Our study revealed that the serum concentrations of VEGF, NO, ADMA, CA125, Cyfra 21-1, CEA, and NSE were significantly elevated in patients with NSCLC compared to the control group, and that levels of Cyfra 21-1, LDH, and NSE increased with advancing TNM stage. The combination of markers distinguished NSCLC with high sensitivity and specificity. Further studies involving larger populations, including those with benign lung diseases, are needed to validate and expand upon our findings.

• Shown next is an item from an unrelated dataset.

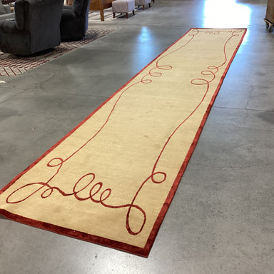 Description: Gold & Rust Red Ribbon Hand Knotted Hand Spun Wool Custom Made in Nepal RugCondition: Slight Wear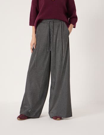 Pants that look pretty elevated (aka we made an effort) but feel like pyjamas? Yes please. This wide-leg pair has sporty side stripes and is made in our super-soft knitted jersey fabric, so we can feel put-together and comfortable all day long. Tuck something slim-fit into the waistband to get creative with volume and shapes.

肺癌是全球最常见的恶性肿瘤之一,80 - 85%的病例被诊断为非小细胞肺癌(NSCLC)。大多数NSCLC患者就诊时已处于晚期,导致死亡率高且治疗选择有限。血管生成是癌症进展中的一个关键过程,主要受生长因子和细胞因子调控。血管内皮生长因子(VEGF)是血管生成的关键调节因子。不对称二甲基精氨酸(ADMA)抑制内皮型一氧化氮合酶(eNOS),导致一氧化氮(NO)释放减少及随后的内皮功能障碍。本研究旨在调查NSCLC患者血清中ADMA、NO、VEGF以及几种肿瘤标志物(包括癌胚抗原(CEA)、癌抗原125(CA 125)、神经元特异性烯醇化酶(NSE)、乳酸脱氢酶(LDH)和细胞角蛋白19片段(Cyfra 21-1))的水平,以评估它们在疾病早期诊断、肿瘤侵袭和分期中的潜在作用。
我们的研究包括56例新诊断的NSCLC患者和32例具有相似人口统计学特征的对照组。排除患有慢性疾病和炎症性疾病的患者。使用R统计软件进行统计分析。
在我们的研究中,与对照组相比,NSCLC组血清VEGF、NO、ADMA、CA 125、CEA、Cyfra 21-1和NSE水平显著更高(分别为p = 0.001、p = 0.013、p = 0.041、p < 0.001、p < 0.001、p < 0.001和p = 0.001)。在NSCLC诊断中,Cyfra 21-1表现出最高的诊断效能,敏感性为71%,特异性为94%。VEGF、CA125和Cyfra 21-1的联合检测敏感性为73%,特异性为100%,而CA125、CEA和Cyfra 21-1的联合检测敏感性为85%,特异性为91%。
我们的研究表明,与对照组相比,NSCLC患者血清中VEGF、NO、ADMA、CA125、Cyfra 21-1、CEA和NSE的浓度显著升高,且Cyfra 21-1、LDH和NSE的水平随TNM分期进展而升高。标志物联合检测以高敏感性和特异性区分NSCLC。需要进一步开展涉及更大人群(包括良性肺病患者)的研究来验证和扩展我们的发现。